The market has well surpassed the length of any other historical market in our country; however, it has not surpassed the size. The bull market of the 1990’s ended with a 417 percent increase in the S&P 500. The current bull market is up well over 300 percent currently, but not 400 percent. Most markets pop because something grows too much too fast. This simply has not been the case over the past ten years. It has been slow, steady and even downright boring at times. Furthermore, a bear market is usually defined as having a correction of 20 percent or more. In 2011, the S&P 500 retracted 19.4 percent and in 2018 it began a correction that ultimately landed at 19.8 percent. The arguable conclusion is that this was just the S&P 500, which is only five hundred stocks. Many indices surpassed the 20 percent benchmark. So, is it really a ten-year bull market? And, really, does it matter?

No. The size or length of the bull market simply does not matter. Logic would say that slow and steady growth would avoid bubbles and level out the roller-coaster effect. But really, all that matters is price in relation to valuations, supply and demand, other economic factors and trends. Listen to this week’s podcast to learn more about where these factors are.

It is a double-edged sword in the market. Investors are nervous…about tariffs, politics and the length of this bull market. On the flip side, you’re hearing the rumblings reminiscent of the 90’s—if you can’t make double digit returns, I don’t need you.

I read an article back in 2014 titled “Portfolio Construction is Boring, But Advisors Need to Read This Anyway.” The first thing in the article is a question: What’s changed over the past year in constructing the right portfolio for our clients? The answer?

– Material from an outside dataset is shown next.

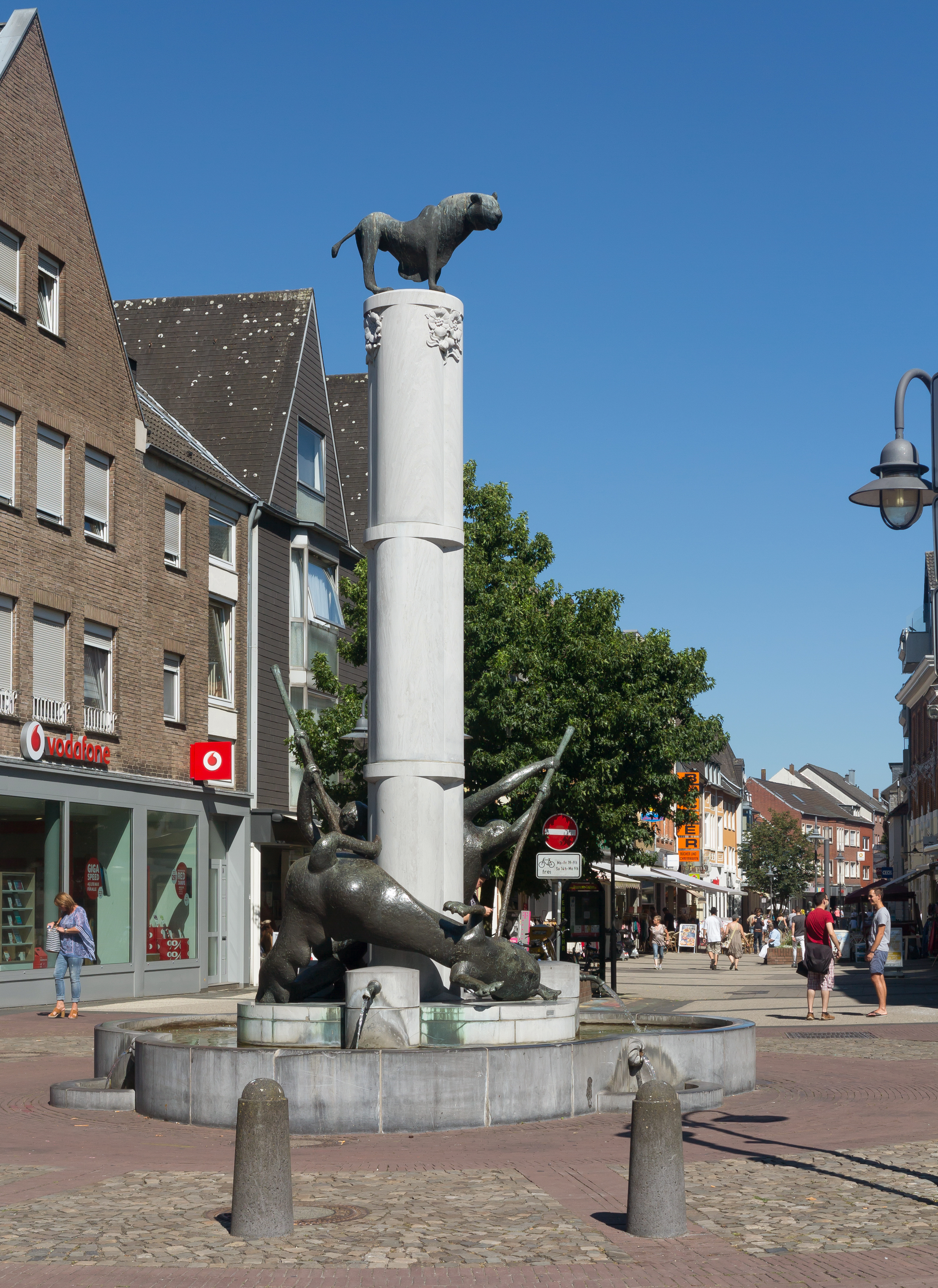 Geldern, sculpture at the Markt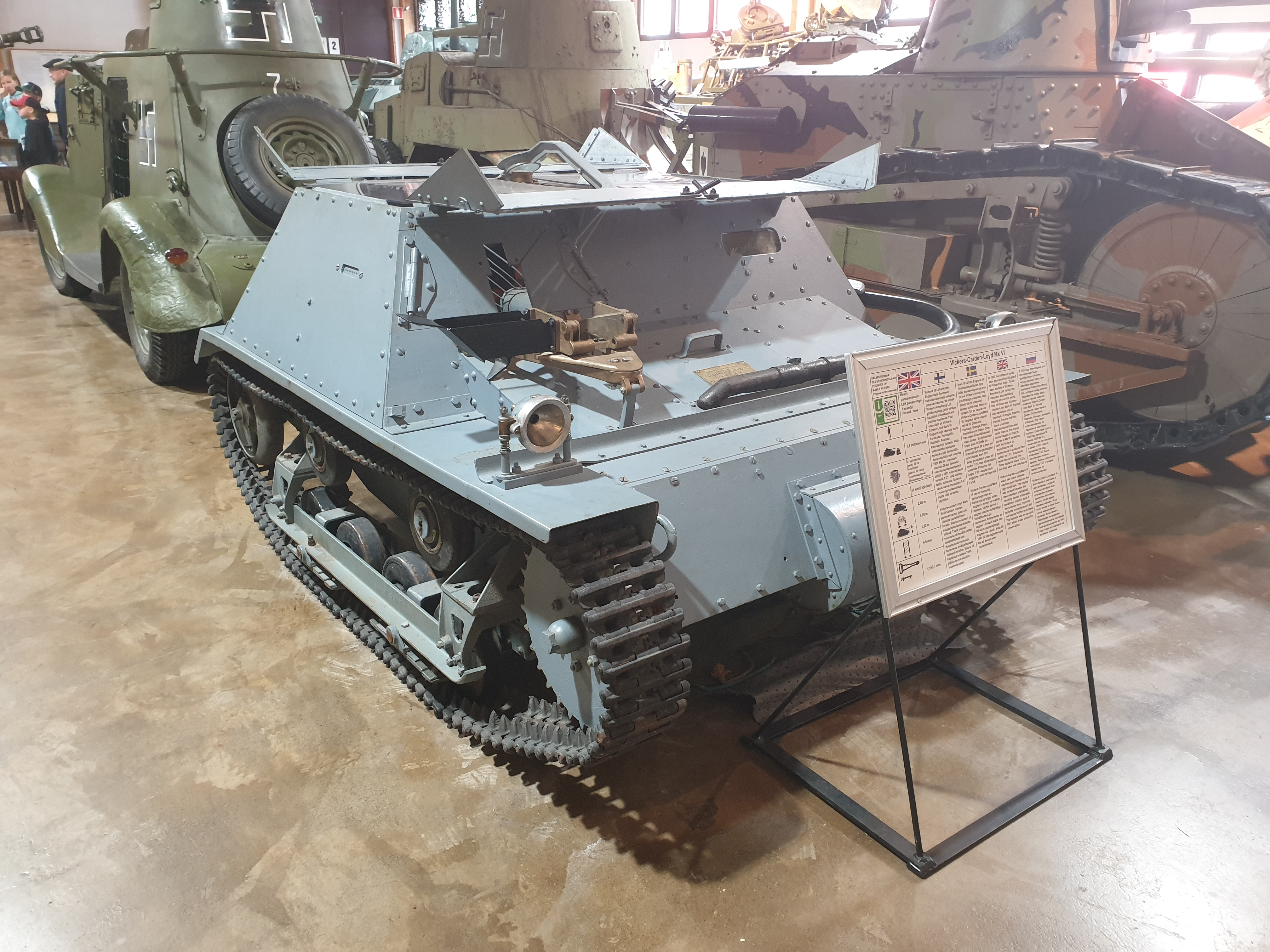 Vickers-Carden-Loyd Mk VI in Parola tank museum, Finland

Absolutely nothing. 1. The same is true today. Supply and demand is still supply and demand. You build a portfolio on this.

You have often heard us say that we are risk managers before we are portfolio managers. Your risk has to be right or nothing will work. The next bear market will come. Will you be able to stomach it? And equally important, will you be able to stomach not making a one hundred percent return on your money if this bull market gets there?

Long-term consistency trumps short-term intensity. —Bruce Lee. This goes both ways. Whether you are fearful or greedy right now, remember to stay disciplined. Know your long-term plan and stay consistent.

 

  1. Roth, Allan S. Financial Planning. April 2014.